Саркисов знал, что нужно отвести взгляд от лица за решеткой, сделать безразличный вид и пойти дальше, вдоль эшелона, но он все смотрел и смотрел в разделенные железным прутом знакомые глаза. Когда лицо в квадратах решетки шевельнулось, он заметил и улыбку. Да, ту самую улыбку, испорченную изуродованной верхней губой.
Только окрик начальника конвоя вывел Саркисова из оцепенения. Он медленно отвел взгляд, но чувствовал, что глаза Свирида Кашеварова провожают его. Даже в вагоне. Даже после того, как паровоз снова набрал предельную скорость.
И странно: были эти глаза точно такими же, как тогда, на комсомольском бюро, как при встрече в цеху, на партийном собрании, где он, Саркисов, был принят кандидатом в члены ВКП(б), как, наконец, на вокзале, при проводах их, нескольких молодых рабочих завода, на учебу в спецшколу. Саркисов старался и не мог увидеть в этих глазах ни затаенного выжидания, ни хитро спрятанного «классового коварства». Дядя Свира — классовый враг? Политически опасный человек? Шпион? Вредитель?..

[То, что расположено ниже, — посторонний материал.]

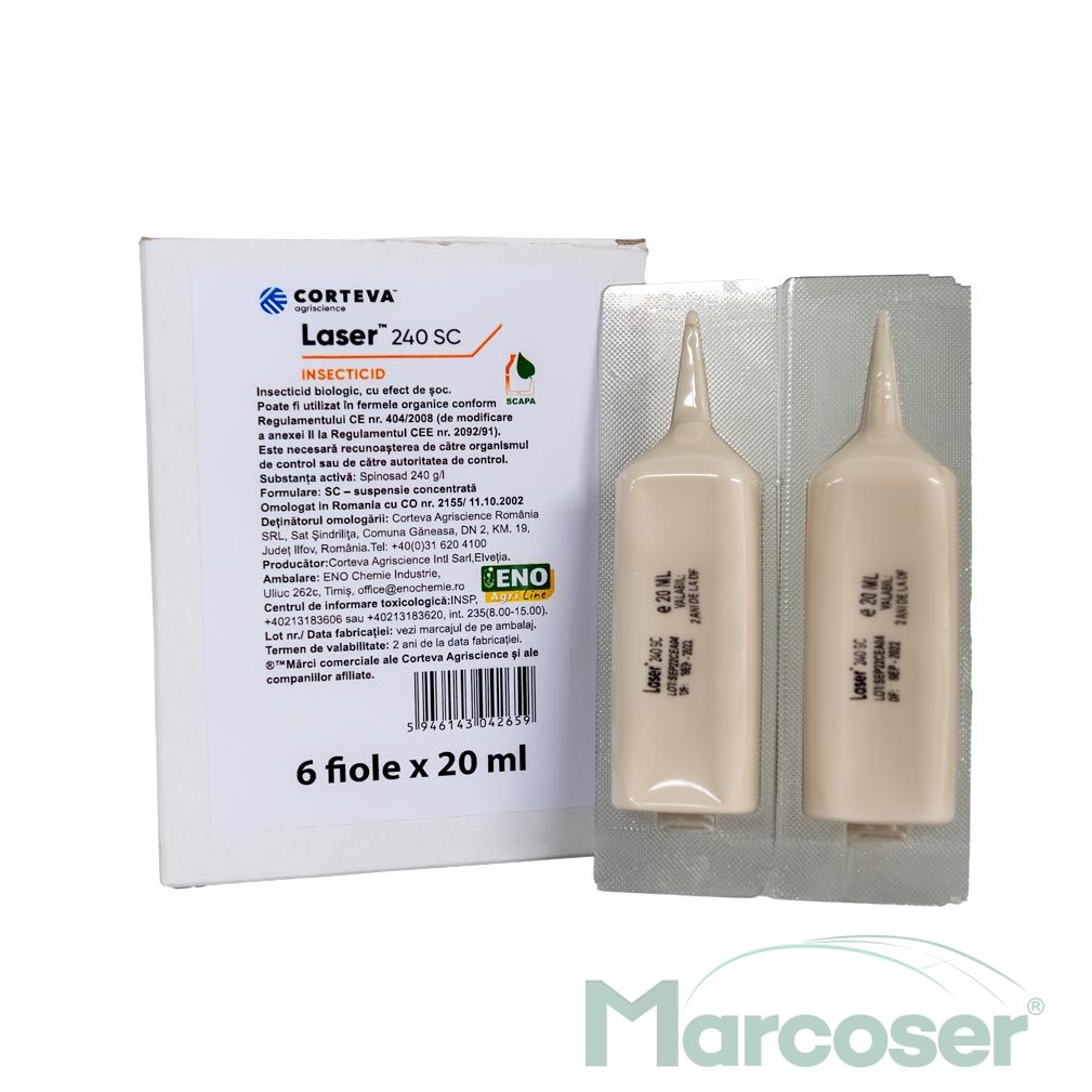 Vezi descriereLaser 240 SC este un insecticid biologic cu efect de soc, cu actiune prin contact si ingestie, avand si efect ovicid la unele specii. Acesta are eficacitatea insecticidului sintetizat chimic (are eficacitate similara piretroizilor si superioara organofosforicelor si altor insecticide sintetizate chimic).

Ни одно из предположений не воспринималось как возможное. Но Саркисов не стал размышлять над этим. Его все более и более подавлял страх, и он лихорадочно искал способ защитить себя от столь неожиданной опасности. Тревога его усиливалась еще тем, что по прибытии в лагерь он должен был остаться там в штате охранного персонала. А это означало, что каждый день грозил ему встречей с Кашеваровым. И если дядя Свира признает его да еще на глазах у начальства вздумает, чего доброго, просить о помощи… Мысли мешались и стыли в голове у Саркисова, и он с чувством обреченного отсчитывал часы и дни оставшегося пути.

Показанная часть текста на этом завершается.